Dextromethorphan and Methylxanthines Might Be Useful in the Treatment of Methotrexate-Induced Neurotoxicity
We read with interest the article “Evaluation and Management of Acute-Onset Hemiparesis in an Adolescent With Leukemia” by Subrahmanian et al.1 The authors report a 15-year-old boy with delayed-onset methotrexate (MTX) neurotoxicity. The patient had normal MTX clearance, and his serum MTX level was undetectable. He received intravenous fluids and leucovorin rescue. We would like to make several comments about other possible additional treatments.
As the authors note, a potential mechanism of MTX-induced neurotoxicity is the accumulation of adenosine in the central nervous system (CNS). In this context, methylxanthines might be useful on the basis of their ability to displace adenosine from receptors in the CNS. In 1 study,2 after or during a 1-hour infusion of aminophylline, 4 of 6 patients had complete resolution of symptoms of neurotoxicity that had not improved after other measures. Infusion of aminophylline seems to be a safe and easy-to-administer treatment.3,4
Methotrexate exerts its antileukemic action via inhibition of the enzyme dihydrofolate reductase, ultimately reducing the amount of tetrahydrofolate available for DNA synthesis leading to cell death. Depletion of 5-methyltetrahydrofolate leads to the disruption of the remethylation of homocysteine to methionine, and elevated levels of homocysteine in the plasma5,6 and cerebrospinal fluid7,8 have been reported in patients who received high-dose MTX and have clinical evidence of CNS neurotoxicity. Homocysteine and its metabolites, as homocysteic acid, are excitatory agonists of N-methyl-D-aspartate (NMDA) receptors.9 Dextromethorphan (DM) is a drug that acts as a noncompetitive antagonist of NMDA receptors and has also been used in the treatment of MTX neurotoxicity. In 1 study,8 in 5 patients with severe subacute toxicity who were treated with 1 to 2 mg/kg per day of oral DM, all 5 had resolution of symptoms. In a larger study,10 involving 18 patients treated with 1 to 3 mg/kg per day of DM, 16 of the patients fully recovered. Symptoms of acute neurotoxicity typically occur within 24 hours. In this retrospective study,10 patients who received DM within the first 24 hours of becoming symptomatic exhibited improvement 4 times faster as compared with patients who had a delay of 24 hours or more in receiving DM. Although future prospective studies will be needed to investigate the role of DM and methylxanthines in reversing or preventing MTX neurotoxicity, the administration of these drugs can be an easy-to-administer additional treatment.

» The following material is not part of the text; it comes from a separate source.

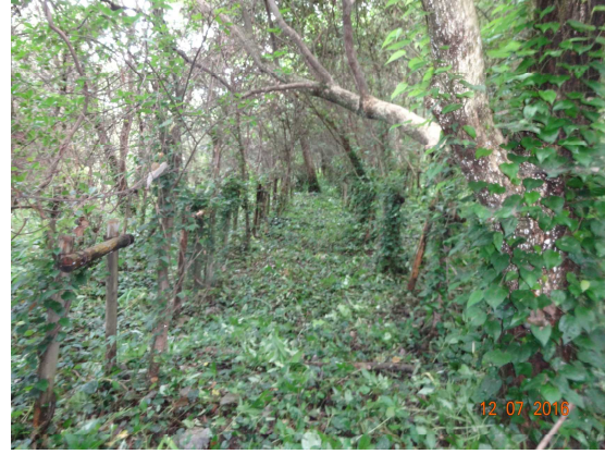
【活動終了箇所の状況】

On the other hand, as the presented case illustrates,1 the neurotoxic effects of anticancer therapy can be lifelong. In an experimental model of MTX-induced cognitive deficits,11 intrathecal MTX induced persistent alterations in glutaminergic tone that might contribute to persistent cognitive deficits. In this model, this noncompetitive antagonist at the NMDA receptor was useful to improve the cognitive function. These experimental models will improve our understanding of the pathogenesis of MTX-induced neurotoxicity and can be useful to identify a subset of patients who might derive the greatest benefit from other interventions aimed at reducing MTX neurotoxicity.